Section 5.04 Offset Rights. Notwithstanding any provisions of the Plan to the contrary, to the extent consistent with the requirements of Section 409A of the Code, the Company may offset against any payments or distributions that would have otherwise been made to a Participant under the Plan by (a) any amounts that such Participant may owe to the Company, or (b) any amounts paid by the Company to a third party pursuant to any award, judgment, or settlement of a complaint, arbitration or lawsuit of which such Participant was the subject.
7
Section 5.05 Governing Documents. Notwithstanding any provision of this Plan to the contrary, if an Award is granted pursuant to the terms of a Program, the Award documents under the Program shall control in the event of any conflict between the terms of the Plan and the applicable Award documents under the Program.
Section 5.06 Successors. The obligations of the Company under this Plan shall be binding upon the successors of the Company.
Section 5.07 Governing Law. The Plan shall be subject to and construed in accordance with the laws of the State of New York, without regard to any conflicts or choice of law rule or principle that might otherwise refer the interpretation of the Plan to the substantive law of another jurisdiction.
Section 5.08 Construction. The headings in this Plan have been inserted for convenience of reference only and are to be ignored in any construction of any provision hereof.

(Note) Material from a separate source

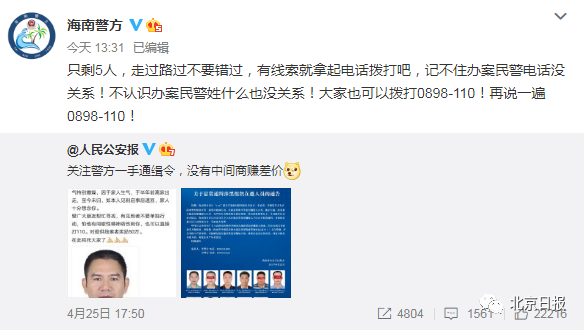 实际上,留给大家抓坏蛋的机会不多了。@海南警方 转发提示道,通缉令发布仅三天,11名在逃嫌疑人已有6人投案。“只剩5人,走过路过不要错过,有线索就拿起电话拨打吧,记不住办案民警电话没关系!大家也可以拨打0898-110!再说一遍0898-110!”

Use of one gender includes the other, and the singular and plural include each other.
Section 5.09 Arbitration. Any disputes related to the Plan or an Award will be resolved by arbitration in accordance with the Company’s employment arbitration policies. In the absence of an effective arbitration policy, any dispute in any way related to or arising out of the Plan or an Award will be submitted to arbitration in accordance with the Employment Arbitration Rules and Mediation Procedures of the American Arbitration Association. To the maximum extent permitted by law, and except where expressly prohibited by law, arbitration on an individual basis will be the exclusive remedy for any claims that might otherwise be brought on a class, representative, or collective basis. Accordingly, Participants may not participate in a class, representative, or collective action, or as a member or any class, representative or collective action, and will not be entitled to a recovery in or from a class, representative or collective action in any forum. Any disputes concerning the validity of this class, representative or collective action waiver will be decided by a court of competent jurisdiction, not by an arbitrator.